The idea of a personal cloud is interesting and should be pursued or at least researched further. It was a matter of circumstance that led to his second post, where his reliance on cloud data transfer seemed to have failed or at least been delayed. In this case, it was the delay of the Reader2Twitter service which made Louis’ Google Reader shared items twitter account go quiet. Granted, this is a case where there was no revenue to lose and there were minimal implications to the information not flowing properly. The question remains, what if this data was important to revenue, or you could not access your contact list?
The idea of a personal cloud is not entirely new. Google has been trying to build it for a few years, Yahoo has followed the same path and Facebook is not far behind. However, there still remain a few problems with this scenario. First, what about connectivity? Do you always have enough bandwidth to really have all of your data in the cloud? Are you actually always connected? Obviously, the idea of losing connectivity or having limited bandwidth is fairly common even in the US. You can not follow a major technical conference without hearing about the 3G failures of ATT.
So, if you want to mitigate the risks associated with loss of connectivity, that means data that must be available or backed up locally. This type of setup is also fairly common within the email server world. Many people are familiar with the delays of Microsoft Outlook as it synchronizes with a Microsoft Exchange server. The synchronization allows you to work on your client application while you are disconnected and not really have any issues when the data needs to be merged again. So, living purely in the cloud is not really desirable, but if there was a standard synchronization process, you could get the best of both desktop and cloud applications.

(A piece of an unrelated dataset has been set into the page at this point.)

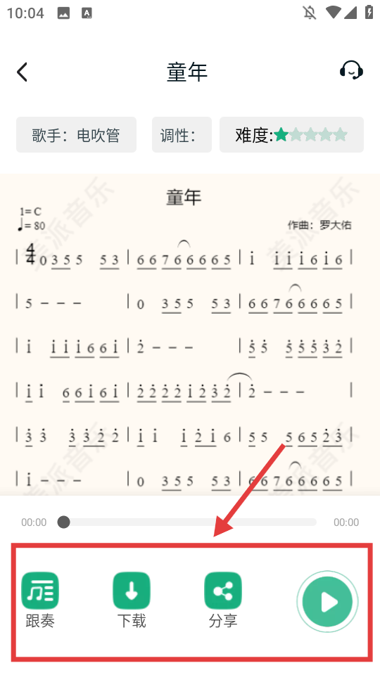 4、可使用【跟奏】【下载】【分享】功能,来进行练习。

Another issue that needs to be handled very carefully is security and identity. Obviously, the data needs to be secure, but the location needs to be well known. Most people will not be able to remember that 10.2.1.123/5673957390123 is the location of their personal cloud. Most cloud services have already assumed this and have moved to personalized URLs like http://facebook.com/robdiana. With known URLs for personal data, verifying identity must be very secure but must maintain simplicity in order to spread to the masses. When securing networks, the machine ID or MAC address is used to filter for known devices. When dealing with mobile devices there are similar identifiers, but we cannot depend on the typical consumer to deal with those IDs. Something similar to OAuth must be developed, like an SMS challenge/response model. I am not proposing this as a solution, there are people that are already devoted to digital identities and could work through the issues better than I.

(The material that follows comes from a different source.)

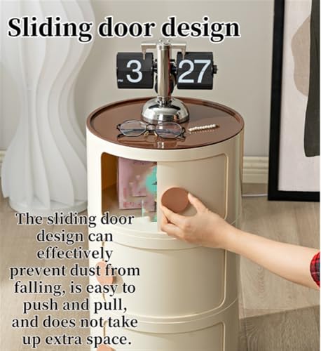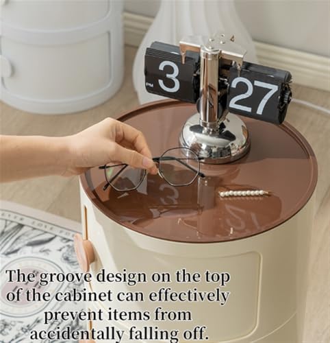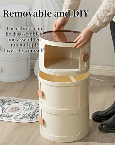 Round Nightstand with Drawers, Removable & Stackable Tiers, ABS Plastic, Space-Saving Design - Versatile Bedside Table(Brown,12.6 * 12.6 * 29.9in)

The combination of standard data synchronization processes, standard data formats, standard security and identity verification processes would be a very powerful model. You could quickly switch between applications as well as personal cloud services. However, what would the benefit be for companies to develop such applications? There are the targeted advertisements, but the revenue from that model is extremely difficult to maintain growth. Even if a solid non-ad revenue model was developed, what differentiation could one service provide over others? If all of these standards exist, we would have made such services a commodity. Reliability can be a differentiation, but only up to a reasonable point. Even at 99.9% uptime, that is only 45 minutes of downtime per month and 99.99% uptime is about 4 minutes of downtime. Anything more reliable is not a concern for the mass consumer.

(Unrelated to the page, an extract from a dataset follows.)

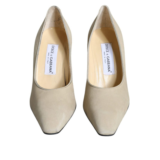 Dolce & Gabbana Beige Suede Leather High Heels Pumps Shoes

When something becomes a commodity, the main difference becomes price. If you look at desktop and laptop PCs, the differences are mostly limited to processor speed, disk storage, RAM and price. Because the differences between most of these items are hard for most people to really understand, price becomes a major driving factor. If the only differentiation is price, innovation slows down. Innovation is more expensive than commodity services or parts.
If we lose innovation, what happens to the services that we all rely on? Where does the next big breakthrough come from? It would require another major technological shift like the Internet, Google and now mobile technology have provided. Those shifts are rare, often quite disruptive and normally extremely difficult to complete successfully.
I will admit that many of the standards driven ideas are solid. Assuming companies can still innovate on top of the standards, we would not have the typical innovation problems because there will be competition. However, we need to be careful what we wish for, as we might just get it.